Whilst developing two webapps, one at work and one for the los palmas
seven, I found that when writing the
tests for the data model (hell yes I use test driven development, it’s very productive
as it defines short and medium term goals and keeps you in focus) I
was writing the same code over and over, but was very reliant on the
structure of the data model I was testing.
Having done lots of currying in functional programming back in uni, I
could see there was an obvious pattern, and thus it needed refactoring
to reduce the amount of code I was writing and in doing so reduce the
probability of error.
So I pulled out a set of functoins from one test, and made it a base
class, and refactored it to allow the child class to specify the data;
but due to the way python’s unittest
and the test runner nose
work, I had to manually write a function in each child class to call
the worker functoin in the parent.
Obviously requiring the user to type more meant that there was a risk
of error, and it was also tedious (read: very boring) to have to do
this every time. Not knowing enough about python internals, I posted
to the new slug coders
list, christening it with
the first development related post, and got back a good suggestion,
but I didn’t try it out. Michael K suggested at the slug meeting last
friday that I check out metaclasses if his previous suggestion didn’t
work.
Saturday I jumped into the deep end with metaclasses, and it turned
out they were easier than I thought, but having done so now I
wouldn’t recommend them as a hammer to bash in all those screw and
rivet problems. They are very cool though.
So I ended up with a base class that had a metaclass that would monkey
patch the child class with the correct method names just as it was
being inspected, and had a small test program written that
demonstrated my idea was sound.
However, applying this method to the actual tests running under nose
didn’t work. Lots of debugging printfs later I eventually traced this
to a peculiarity in the way nose
decides on what tests to run: to
prevent test methods being run twice, it makes sure that when running
a test, the module that it is defined in is the same as the module
currently being tested, i.e. it makes sure that __module__
matches
in both the callable and the current test case.

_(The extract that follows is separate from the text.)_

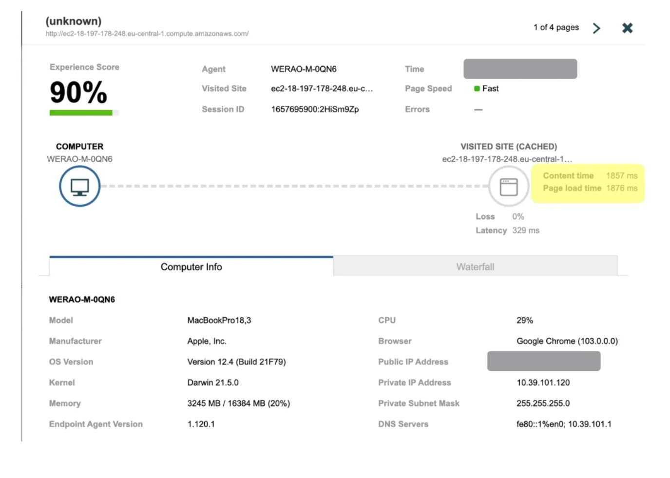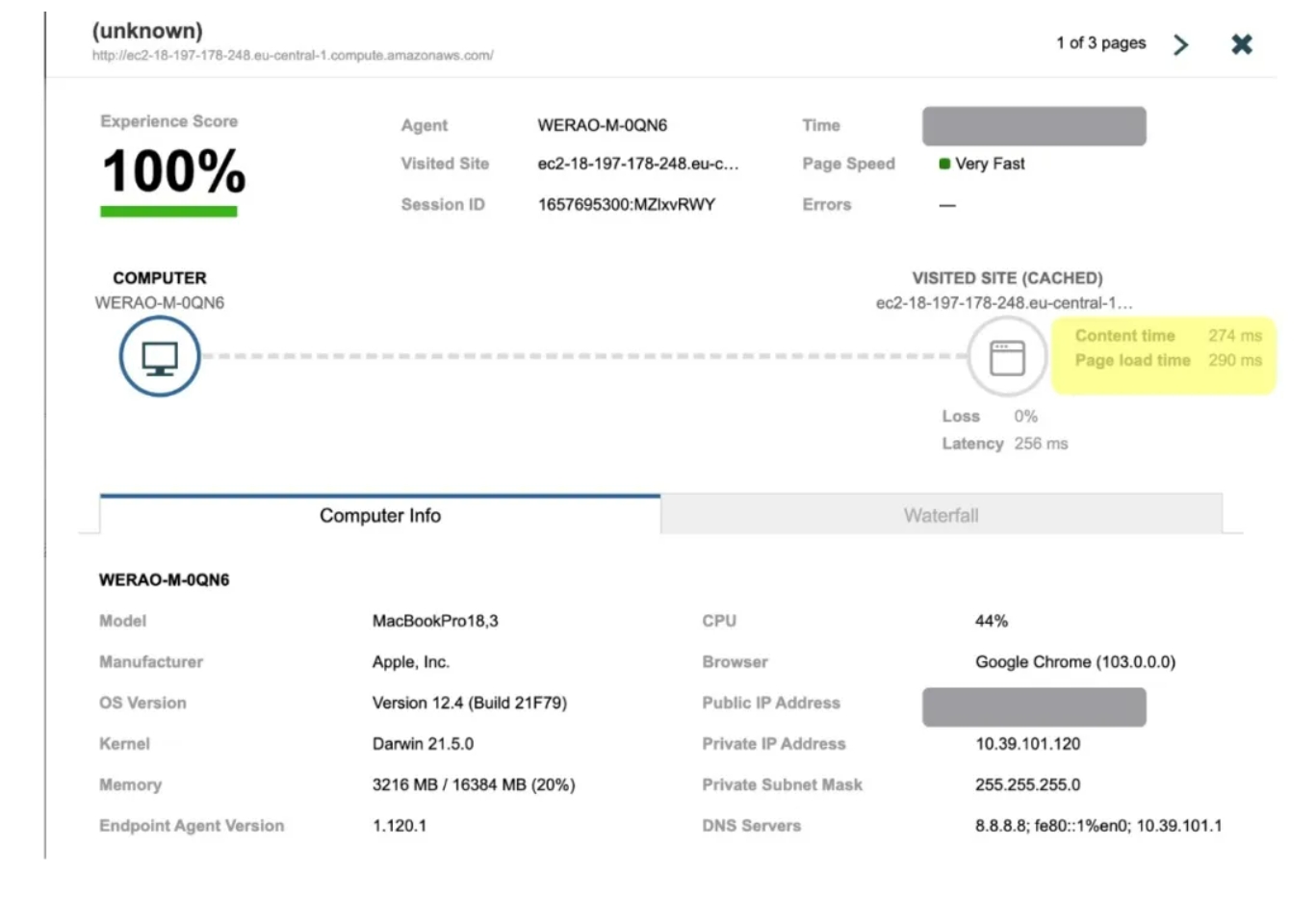 笔者在AWS 法兰克福区域部署了测试的Web Server,使用ThousandEyes对网页加载进行加速前后的效果对比:

Now, when you define your methods in a parent, the method’s module is
that of the parent, so a structure like the following:
tests/module/
tests/module/__init__.py
tests/module/test_something.py
sets __module__
in __init__.py
to tests.module
and in
test_something.py
to tests.module.test_something
. Running a
method from tests.module.test_something
that’s defined in
tests.module
, nose
says no.
Enter Benno and his knowledge of python
internals. An impromptu 7 hackfest on
Sunday at
jdub’s house let me show him what I was
trying to do, where he suggested using python’s new
package, and the
im_func
attributes on callables, to build a workaround for nose
’s
features, which is much better than what I was thinking of doing to
solve the problem (something about injecting docstrings into the child
class and then eval
ing them in the child’s context).
Some quick hacks later, we had a test program that showed it’d work,
and patched up the base test class. Appended for your enjoyment, a
base test class that one can inherit from to automatically generate
common tests for tables when using
SQLAlchemy.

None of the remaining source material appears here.